I should be working right now. Money is, afterall, the only thing it seems one needs to get by in this world. But I’m distracted and have a million and one things battling inside my head. So much that I want to say and do.
Yet I sit here, fingers poised over the keyboard, unable to find the words or put them together in a way that makes sense. Another million thoughts start whizzing around. The anxiety stifles output.
I’m so tired of anxious thoughts. So tired of questioning myself at every moment of every day. So tired of always feeling like nothing I do is good enough for anyone. So tired of feeling worried, ashamed, scared.
Just so damn TIRED in general.
I press on and on and on. I think about whether the issue is anxiety or depression. About whether things will ever change.
So this morning I’m just throwing up three little bitty steps that could help myself get back on task – and stay there long enough to be productive at something — anything.

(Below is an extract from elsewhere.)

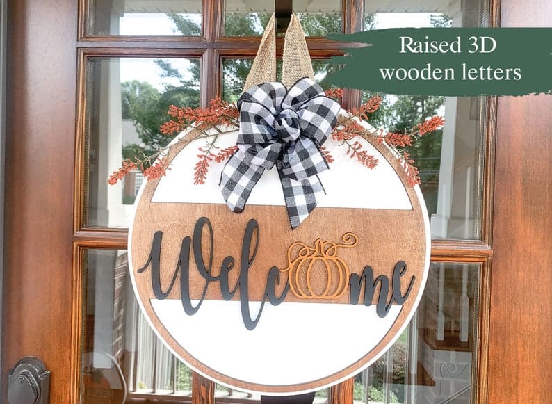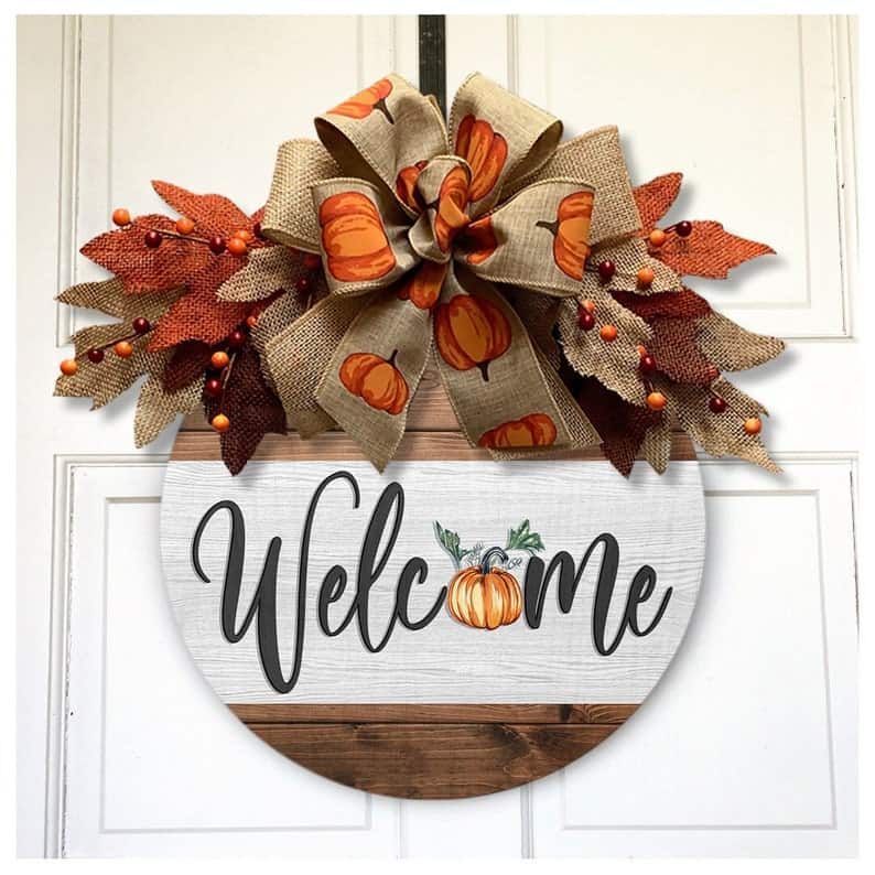 4. Welcome Pumpkin White Door Sign

- Envision the end goal. Today, I keep reminding myself that monies earned today will benefit December – a holiday month and a month I was hoping to be able to take a short vacation to a beach somewhere to recharge. I love beaches. I love ocean waves. I love the sounds of the beach, the smells of the beach, the feel of the sand beneath my feet… it’s cleansing and freeing. (The problem with this is it sort of also adds pressure to the urgency of getting it done but….)

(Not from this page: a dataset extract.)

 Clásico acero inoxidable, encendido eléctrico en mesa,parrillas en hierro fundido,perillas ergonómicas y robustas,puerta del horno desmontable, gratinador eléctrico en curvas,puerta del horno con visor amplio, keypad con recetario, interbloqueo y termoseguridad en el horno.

- Break it up. I know I need eight hours today, but I don’t have to do all eight in one long stretch. What if I try for one or two? Take a short break and build myself up to do it again? That could work.
- Breathe and re-center. It’s so hard to clear my head… I’m going to have to do a lot of breathing. Maybe I’ll start with a focus flash screen or a short meditation – I do have a few on my YouTube list.
How about you? What are some things you do to get on task and/or stay on task? I’d love some more ideas!